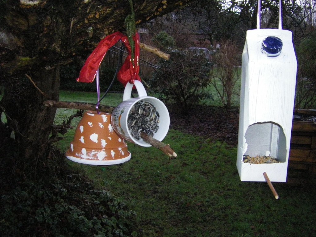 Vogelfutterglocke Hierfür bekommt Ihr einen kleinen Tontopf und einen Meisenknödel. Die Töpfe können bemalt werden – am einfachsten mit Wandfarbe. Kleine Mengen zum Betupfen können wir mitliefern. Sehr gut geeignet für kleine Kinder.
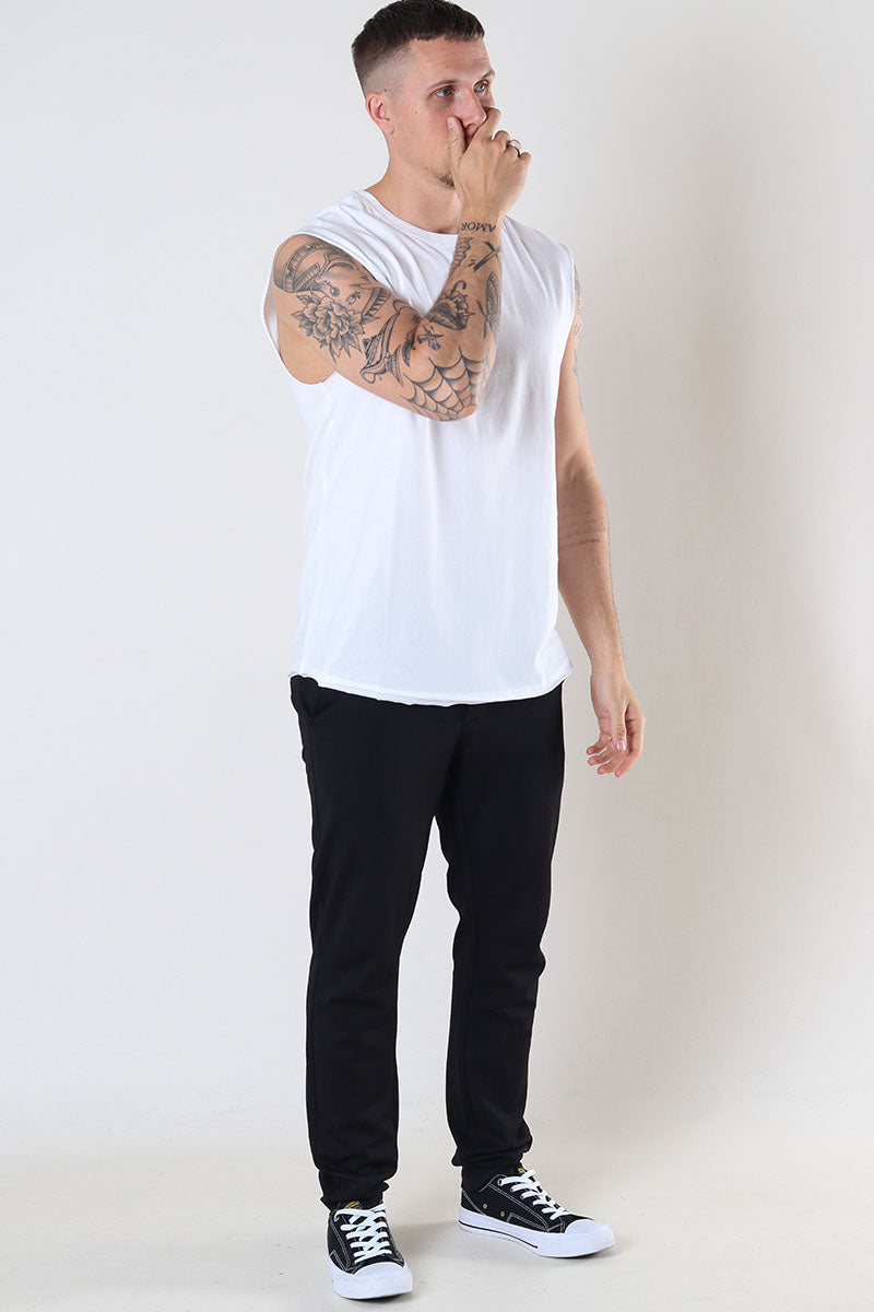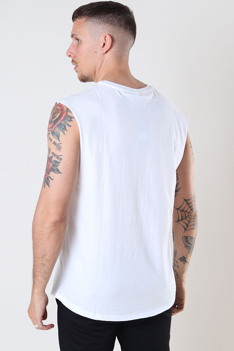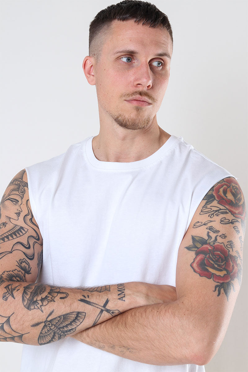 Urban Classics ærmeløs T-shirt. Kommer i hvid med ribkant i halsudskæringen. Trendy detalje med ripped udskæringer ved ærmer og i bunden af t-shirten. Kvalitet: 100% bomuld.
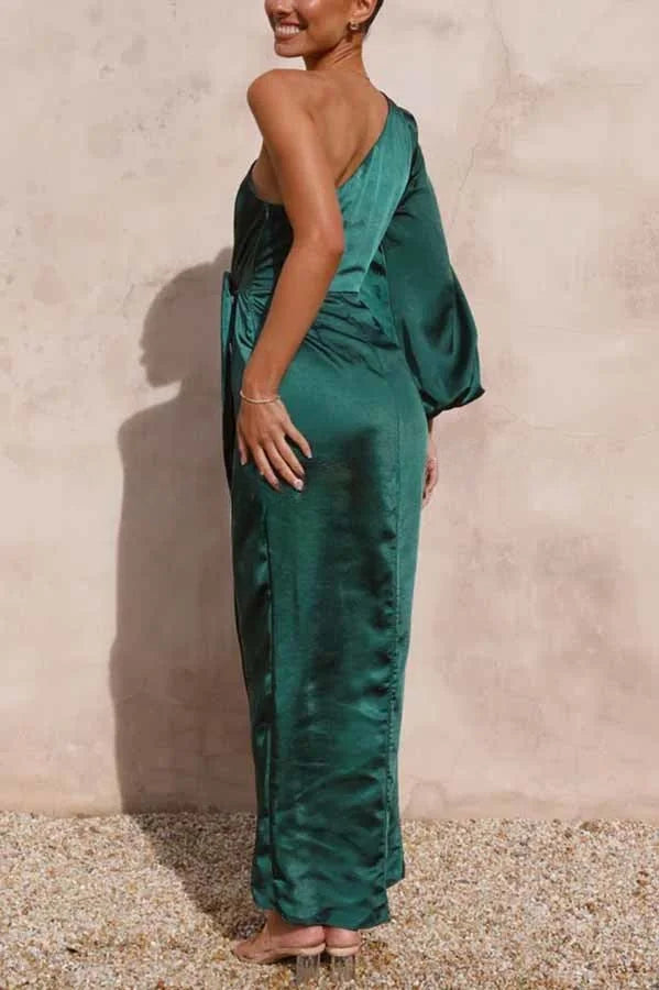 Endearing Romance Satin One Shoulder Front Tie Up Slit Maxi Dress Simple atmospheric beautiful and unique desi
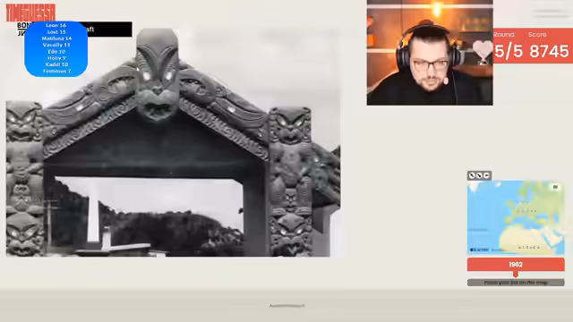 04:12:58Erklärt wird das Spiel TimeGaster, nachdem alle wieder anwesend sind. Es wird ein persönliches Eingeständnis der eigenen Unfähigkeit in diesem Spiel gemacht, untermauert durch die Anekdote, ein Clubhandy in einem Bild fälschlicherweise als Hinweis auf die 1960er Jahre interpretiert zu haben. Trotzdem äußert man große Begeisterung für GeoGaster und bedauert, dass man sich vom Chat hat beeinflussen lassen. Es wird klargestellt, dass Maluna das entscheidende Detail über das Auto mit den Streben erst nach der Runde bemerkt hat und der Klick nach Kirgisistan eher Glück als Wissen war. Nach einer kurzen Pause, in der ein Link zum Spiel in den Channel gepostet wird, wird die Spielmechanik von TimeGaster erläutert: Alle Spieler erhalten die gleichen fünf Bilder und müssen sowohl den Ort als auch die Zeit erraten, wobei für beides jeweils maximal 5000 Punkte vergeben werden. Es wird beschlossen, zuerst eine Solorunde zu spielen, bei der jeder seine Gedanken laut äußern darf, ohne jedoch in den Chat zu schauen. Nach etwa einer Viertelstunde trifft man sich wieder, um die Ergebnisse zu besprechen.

YOUR TASK –
What you return must match, line for line, the span from the line containing "Endearing Romance Satin" through the last line of the listing above, with every picture omitted.

SOLUTION BELOW –
 Endearing Romance Satin One Shoulder Front Tie Up Slit Maxi Dress Simple atmospheric beautiful and unique desi
 04:12:58Erklärt wird das Spiel TimeGaster, nachdem alle wieder anwesend sind. Es wird ein persönliches Eingeständnis der eigenen Unfähigkeit in diesem Spiel gemacht, untermauert durch die Anekdote, ein Clubhandy in einem Bild fälschlicherweise als Hinweis auf die 1960er Jahre interpretiert zu haben. Trotzdem äußert man große Begeisterung für GeoGaster und bedauert, dass man sich vom Chat hat beeinflussen lassen. Es wird klargestellt, dass Maluna das entscheidende Detail über das Auto mit den Streben erst nach der Runde bemerkt hat und der Klick nach Kirgisistan eher Glück als Wissen war. Nach einer kurzen Pause, in der ein Link zum Spiel in den Channel gepostet wird, wird die Spielmechanik von TimeGaster erläutert: Alle Spieler erhalten die gleichen fünf Bilder und müssen sowohl den Ort als auch die Zeit erraten, wobei für beides jeweils maximal 5000 Punkte vergeben werden. Es wird beschlossen, zuerst eine Solorunde zu spielen, bei der jeder seine Gedanken laut äußern darf, ohne jedoch in den Chat zu schauen. Nach etwa einer Viertelstunde trifft man sich wieder, um die Ergebnisse zu besprechen.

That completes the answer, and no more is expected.